[Provided information — start]

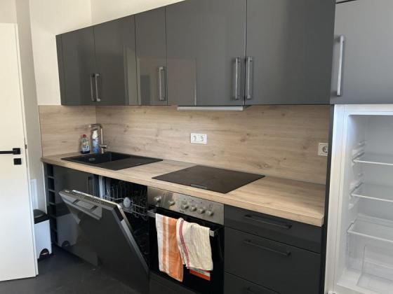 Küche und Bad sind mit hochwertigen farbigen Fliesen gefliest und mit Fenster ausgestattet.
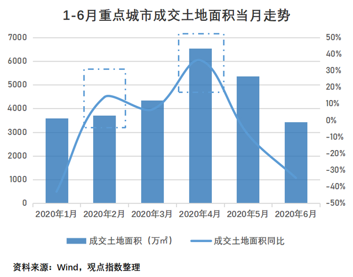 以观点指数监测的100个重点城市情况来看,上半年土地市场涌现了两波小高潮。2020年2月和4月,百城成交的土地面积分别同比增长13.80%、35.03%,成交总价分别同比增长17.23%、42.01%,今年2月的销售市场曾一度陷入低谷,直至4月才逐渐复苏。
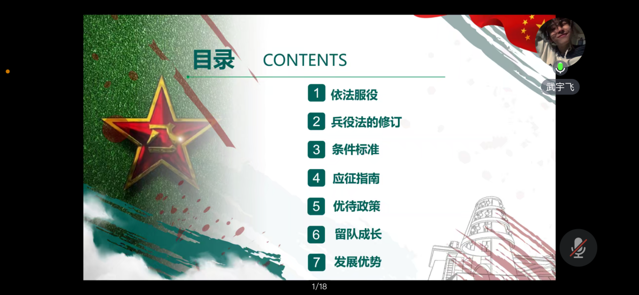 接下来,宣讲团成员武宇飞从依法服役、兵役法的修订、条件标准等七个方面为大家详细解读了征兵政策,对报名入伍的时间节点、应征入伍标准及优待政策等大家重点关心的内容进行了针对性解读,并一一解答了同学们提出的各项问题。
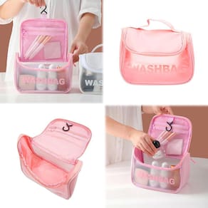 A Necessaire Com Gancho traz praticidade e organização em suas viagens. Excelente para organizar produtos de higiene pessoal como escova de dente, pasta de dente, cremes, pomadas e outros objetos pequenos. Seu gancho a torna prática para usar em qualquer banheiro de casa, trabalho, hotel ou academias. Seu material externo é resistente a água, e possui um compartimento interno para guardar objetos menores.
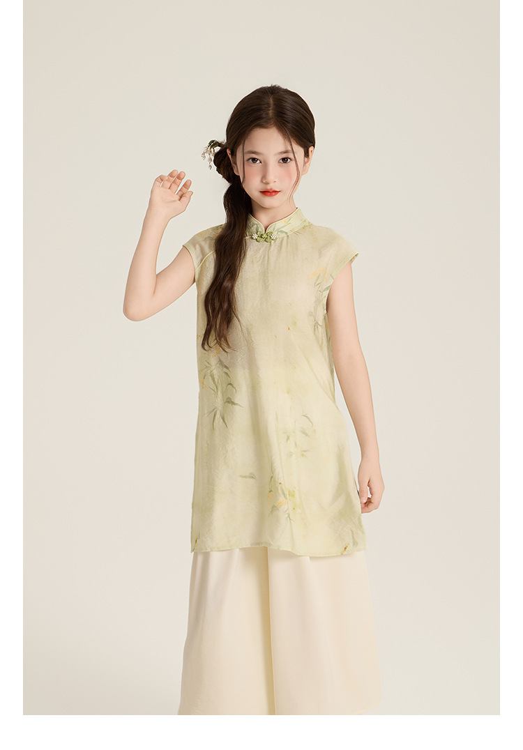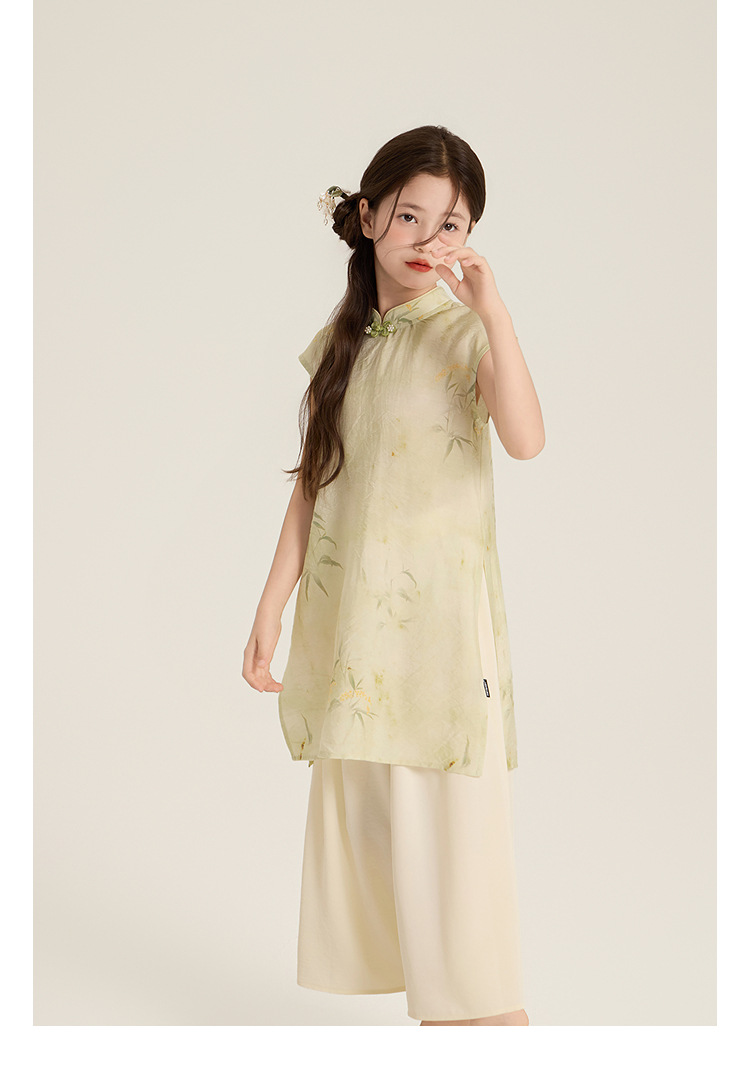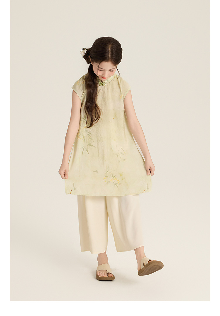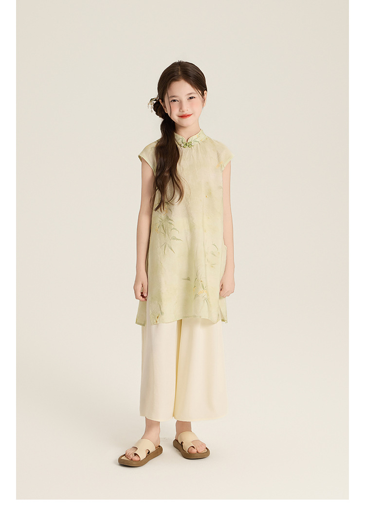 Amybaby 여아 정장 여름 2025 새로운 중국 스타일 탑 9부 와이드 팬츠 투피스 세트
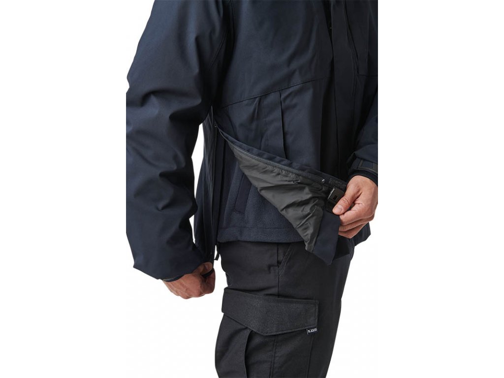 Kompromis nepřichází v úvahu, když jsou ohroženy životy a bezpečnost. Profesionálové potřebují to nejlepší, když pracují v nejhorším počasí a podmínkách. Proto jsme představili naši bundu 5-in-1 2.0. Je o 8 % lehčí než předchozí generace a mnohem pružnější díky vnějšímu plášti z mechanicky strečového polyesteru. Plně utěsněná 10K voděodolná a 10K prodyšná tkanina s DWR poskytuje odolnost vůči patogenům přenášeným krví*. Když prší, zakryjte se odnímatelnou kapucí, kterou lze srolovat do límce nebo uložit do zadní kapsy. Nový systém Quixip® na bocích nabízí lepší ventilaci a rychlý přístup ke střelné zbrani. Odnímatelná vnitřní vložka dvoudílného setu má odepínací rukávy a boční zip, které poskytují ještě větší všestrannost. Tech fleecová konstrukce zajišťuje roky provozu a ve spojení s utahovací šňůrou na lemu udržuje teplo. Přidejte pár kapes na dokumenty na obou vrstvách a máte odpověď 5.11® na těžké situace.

[Provided information — finish]

Task to carry out -
From the line with "A Necessaire Com" up to and including the line with "Amybaby 여아 정장" above, retype every line exactly and nothing more; leave out the pictures.

Response -
 A Necessaire Com Gancho traz praticidade e organização em suas viagens. Excelente para organizar produtos de higiene pessoal como escova de dente, pasta de dente, cremes, pomadas e outros objetos pequenos. Seu gancho a torna prática para usar em qualquer banheiro de casa, trabalho, hotel ou academias. Seu material externo é resistente a água, e possui um compartimento interno para guardar objetos menores.
 Amybaby 여아 정장 여름 2025 새로운 중국 스타일 탑 9부 와이드 팬츠 투피스 세트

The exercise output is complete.